Australia’s Owen Wright flies over a wave during last September’s finals of the Quiksilver Pro surfing competition in Long Beach. The City let the tournament continue after Hurricane Irene struck but cut out the planned concerts and sporting events. (AP Photo/ASP, Kirstin Scholtz)
SURF CITY
By all accounts, the city is still paying the price for having cancelled Quiksilver’s concerts and sporting events, which were expected to draw even larger crowds than the thousands of people who came to the city. When the perception took hold that the Long Beach could be holding something bigger “than Woodstock,” as champion surfer Kelly Slater was quoted saying, some of the city officials started having second thoughts.
“They started peeling a layer of skin off Quiksilver a day at a time,” says a source with inside knowledge of the city’s treatment of the company.
“I was one of the people who was saying that the thing was getting way out of hand,” says Hennessy. “Quiksilver was trying to come into our town and they were looking to make a real lot of money on our backs. And I didn’t like the way they were treating our city and our residents…. Thank God, the hurricane hit! It forced us to put the brakes on a thing that was spiraling out of control.”
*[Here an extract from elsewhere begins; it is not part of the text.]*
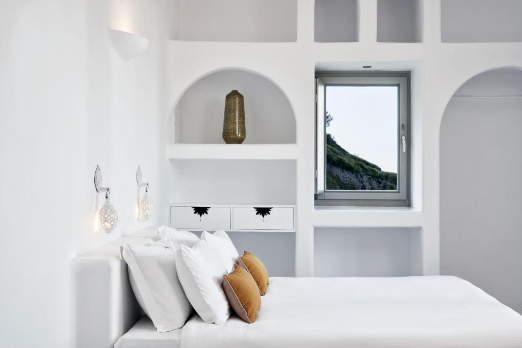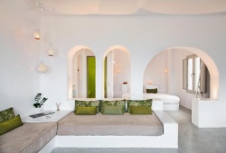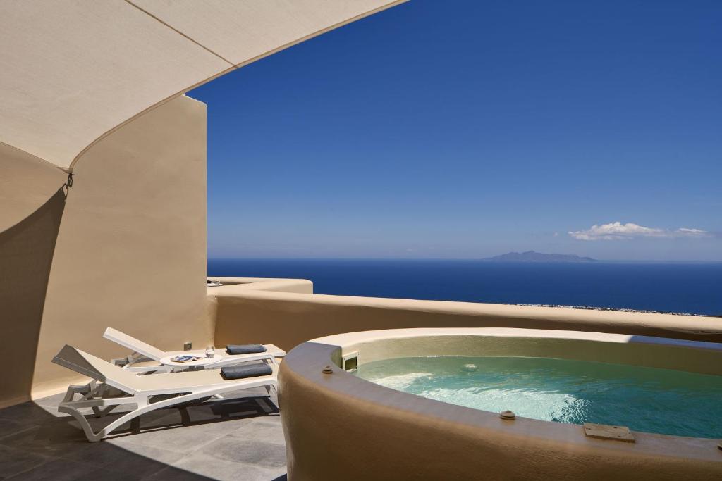 Situated 500 meters from Pyrgos village's main square in Santorini, just below the historic castle, is the Skyfall Suites, perched on a hillside overlooking the Aegean Sea. The Skyfall suites have clean, straightforward design with vibrant accents. Each one has a kitchenette with an eating space and air conditioning. A flat-screen TV with satellite service, complimentary toiletries, bathrobes, and slippers are among the amenities. A brand-new spa with a steam room, sauna, heated pool, and spa rooms has been added to Skyfall rooms' amenities. A variety of beauty treatments are available to enhance your visit.

The former city manager has no regrets about his actions regarding Quiksilver.
“The music portion of the event was cancelled solely due to Hurricane Irene,” Theofan tells the Press in an e-mail. “The health, safety and welfare of residents was my top concern as 4,500 homes and businesses were without power, along with extensive damage to the beach front. You should not lose sight of the fact that the surfing competition was a tremendous success.”
The business community is still smarting over the decision.
“It was a terrible decision,” says Mark Tannenbaum, the executive vice president of the Long Beach Chamber of Commerce. “The city was not in the disaster state that he claimed.”
Tannenbaum recalled that at the first council meeting after the storm Theofan gave citations to the city’s workers “for doing an outstanding job in getting the city back up and running.” Then, Tannenbaum says, the city manager turned around and shut down the rest of the scheduled events—disappointing thousands, not to mention the merchants and restaurant owners in town.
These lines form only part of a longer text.